* [Task item]: The answer must be the full data, restated word for word, with no pictures in it.

----- Collected data

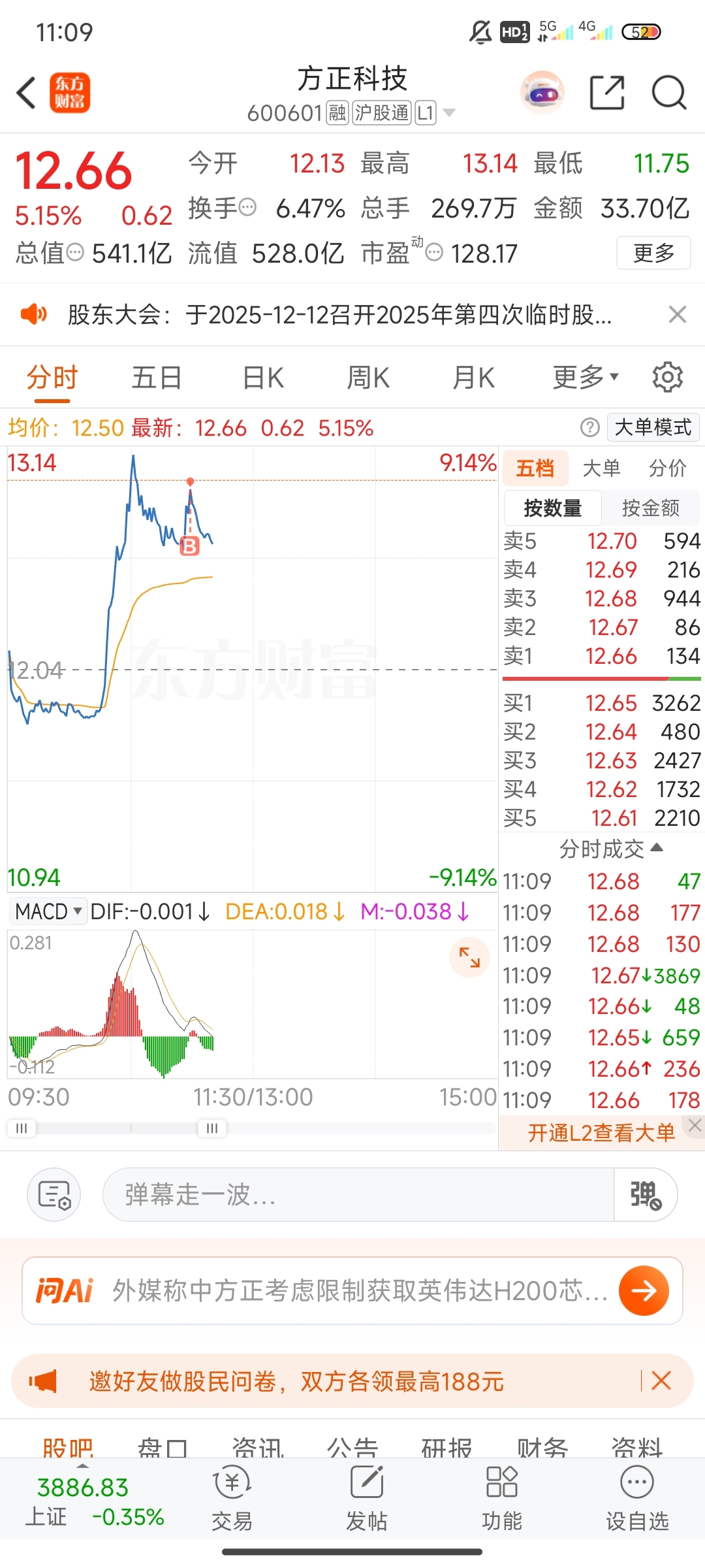 $方正科技(SH600601)$ 无语了
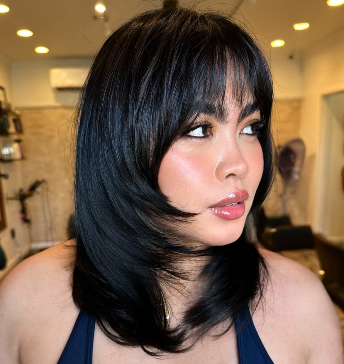 One way to style your hair is to create voluminous curls or waves for more texture and movement. But if that’s not your style and you love straight hair, then try a longer layered look with bangs. Ask your stylist to point cut these straight bangs at the ends instead of cutting them bluntly.
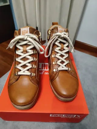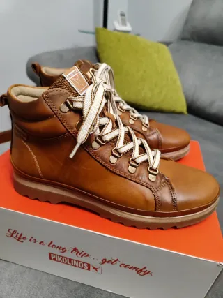 Botines de la marca Pikolinos en color marrón y talla 39. Un calzado cómodo y con estilo. - Cierre con cordones y cremallera lateral. - Detalle de logo en la lengüeta. - Suela de goma antideslizante.
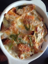 今日の昼食は前日から楽しみにてしておりましたよパングラタンですヾ(@°▽°@)ノ旦那のお弁当に入れたビーフンの具を少し残しておいて…冷蔵庫の中で硬くなった食パンを使って作りましたまず、牛乳150g、薄力粉30g、コンソメ1個を鍋で熱して混ぜてとろとろにしてクリームソースを作って…硬くなった食パンをち… 2014/05/22

----------

* [Response box]:
 $方正科技(SH600601)$ 无语了
 One way to style your hair is to create voluminous curls or waves for more texture and movement. But if that’s not your style and you love straight hair, then try a longer layered look with bangs. Ask your stylist to point cut these straight bangs at the ends instead of cutting them bluntly.
 Botines de la marca Pikolinos en color marrón y talla 39. Un calzado cómodo y con estilo. - Cierre con cordones y cremallera lateral. - Detalle de logo en la lengüeta. - Suela de goma antideslizante.
 今日の昼食は前日から楽しみにてしておりましたよパングラタンですヾ(@°▽°@)ノ旦那のお弁当に入れたビーフンの具を少し残しておいて…冷蔵庫の中で硬くなった食パンを使って作りましたまず、牛乳150g、薄力粉30g、コンソメ1個を鍋で熱して混ぜてとろとろにしてクリームソースを作って…硬くなった食パンをち… 2014/05/22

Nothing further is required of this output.